Tentu saja, kekuatan spiritual dari harta karun dao ini jauh melebihi kekuatan spiritual dari harta karun abadi tertinggi.
Desain roh sejati memiliki kemampuan untuk melenyapkan langit dan menghancurkan bumi. Jika seseorang menggunakan roh purba untuk merancang harta karun abadi, harta karun dao yang dibuat dalam proses ini secara alami akan sangat kuat.
“Senjata terkuat di dunia fana ini semuanya adalah harta dao. Kecuali kau benar-benar memiliki potensi untuk menjadi abadi, sangat tidak mungkin bagimu untuk mendapatkan senjata abadi yang lebih menakutkan daripada harta dao,” jelas Ming Long dengan ekspresi tegas.

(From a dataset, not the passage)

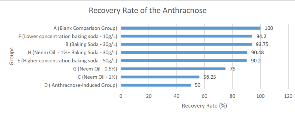 Group C (Neem Oil – 1%) exhibited a recovery rate of 56.25%, indicating a moderate efficacy in anthracnose control. Group G (Neem Oil – 0.5%) showed a recovery rate of 75.00%, suggesting higher efficacy compared to neem oil alone. Group H (Neem Oil + Baking Soda) displayed a recovery rate of 90.48%.
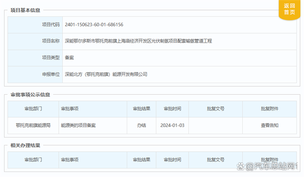 近日,深能鄂爾多斯市鄂托克前旗上海廟經(jīng)濟開發(fā)區(qū)光伏制氫項目配套輸氫管道工程獲批,鄂托克前旗能源局就該項目發(fā)布《項目備案告知書》。本項目屬于深能鄂爾多斯市鄂托克前旗上海廟經(jīng)濟開發(fā)區(qū)光伏制氫項目配套輸氫管道工程,新建一條DN150mm輸氫管線,供氣流量約5000標方每小時,管線長度約2km,起于深能北方(鄂托克前旗)能源開發(fā)有限公司鄂爾多斯市鄂托克前旗上海廟經(jīng)濟開發(fā)區(qū)光伏制氫項目,止于潤陽悅達光伏裝備制造全產(chǎn)業(yè)鏈科技示范項目。

Tanpa diduga, Beishan Mo ini tidak hanya memiliki warisan Kaisar Pedang Kedalaman Hijau, dia bahkan memiliki sesuatu yang mistis seperti harta karun dao. Jika dia menganggap Wu Yu sebagai musuh, maka semua yang dimilikinya saat ini membuatnya menjadi lawan yang sangat sulit untuk dihadapi. Wajahnya yang kekanak-kanakan bukanlah indikator yang baik tentang betapa sulitnya menghadapinya.
“Kau tak perlu khawatir, anak muda ini masih jauh dari mampu memanfaatkan harta dao-nya. Harta dao itu paling-paling hanya bisa melindunginya sedikit untuk saat ini. Yang harus lebih kau waspadai adalah sisa roh di dalam harta dao itu. Bisa jadi itu adalah Kaisar Pedang Kedalaman Hijau. Mencapai Ujian Agung Dao Abadi sebelum binasa sudah dianggap sebagai kehormatan besar bagi kultivator bela diri mana pun. Itu hanyalah satu langkah lagi untuk menjadi abadi. Di bawah bimbingan Kaisar Pedang Kedalaman Hijau, anak muda ini bisa jadi abadi. Prestasi masa depannya seharusnya bahkan lebih besar daripada nyonya milikmu itu.”
Wu Yu terkejut mendengar informasi tersebut, tetapi pertama-tama ia harus menjawab, “Bisakah Anda tidak menggunakan istilah ‘nyonya’?”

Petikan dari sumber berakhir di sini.